Work request
Write out every line below again exactly as it stands, skipping each image.
##### Recorded data
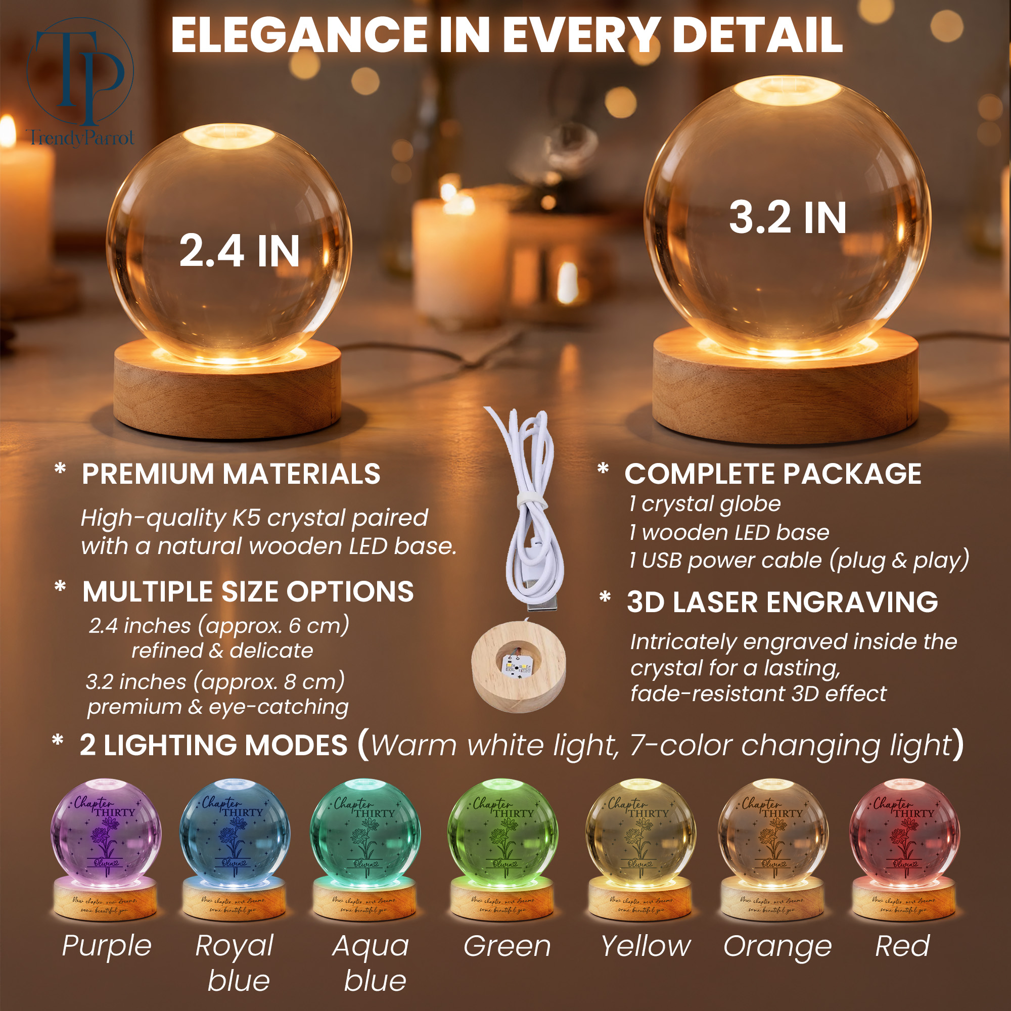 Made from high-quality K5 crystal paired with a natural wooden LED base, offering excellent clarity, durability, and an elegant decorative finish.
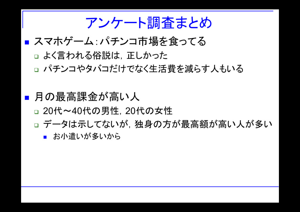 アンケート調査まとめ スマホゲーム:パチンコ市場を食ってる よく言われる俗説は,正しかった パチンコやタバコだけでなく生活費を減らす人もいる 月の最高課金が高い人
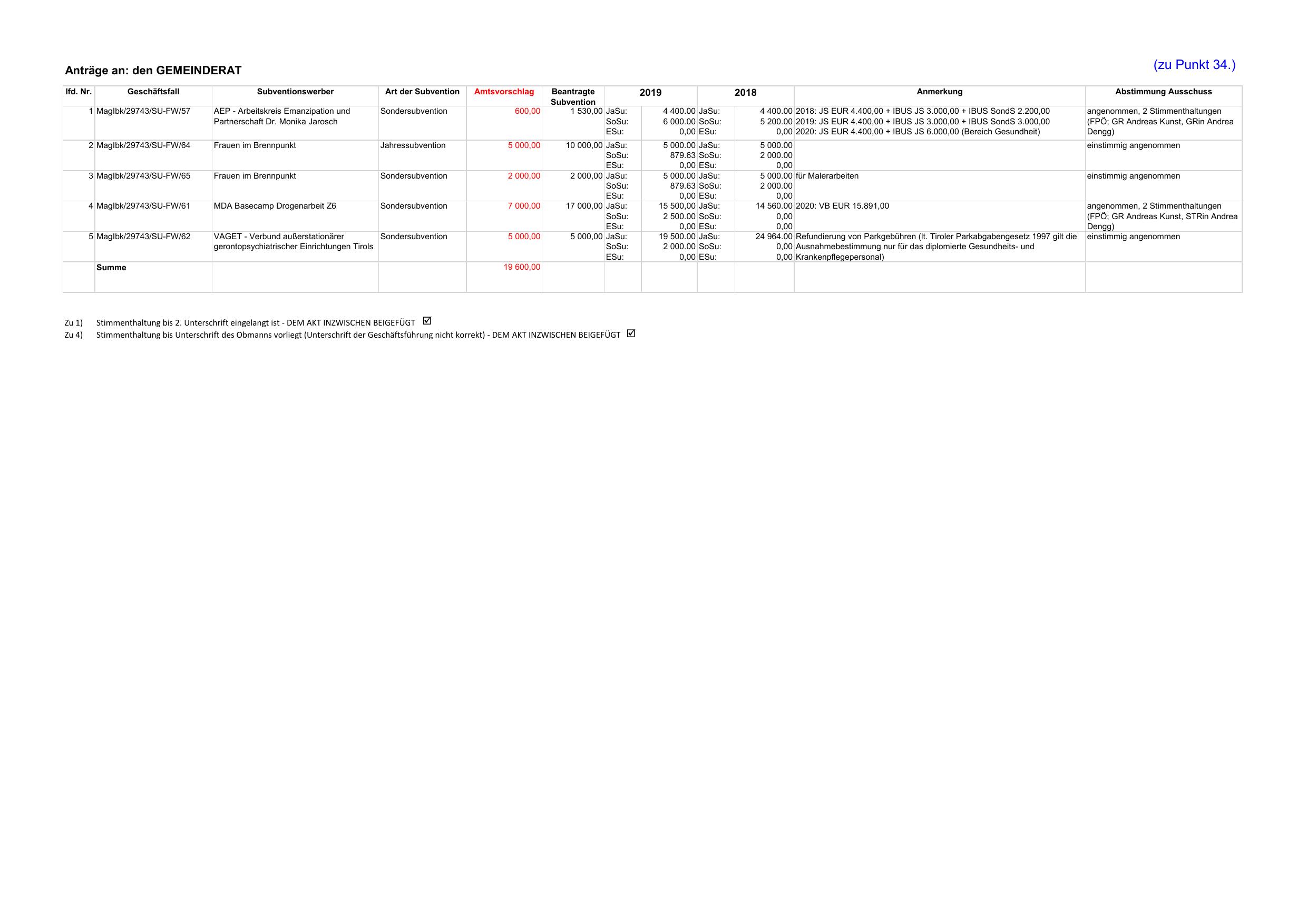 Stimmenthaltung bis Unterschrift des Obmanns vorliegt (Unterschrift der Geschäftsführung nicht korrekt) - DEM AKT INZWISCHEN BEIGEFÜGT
##########
Exercise answer
 Made from high-quality K5 crystal paired with a natural wooden LED base, offering excellent clarity, durability, and an elegant decorative finish.
 アンケート調査まとめ スマホゲーム:パチンコ市場を食ってる よく言われる俗説は,正しかった パチンコやタバコだけでなく生活費を減らす人もいる 月の最高課金が高い人
 Stimmenthaltung bis Unterschrift des Obmanns vorliegt (Unterschrift der Geschäftsführung nicht korrekt) - DEM AKT INZWISCHEN BEIGEFÜGT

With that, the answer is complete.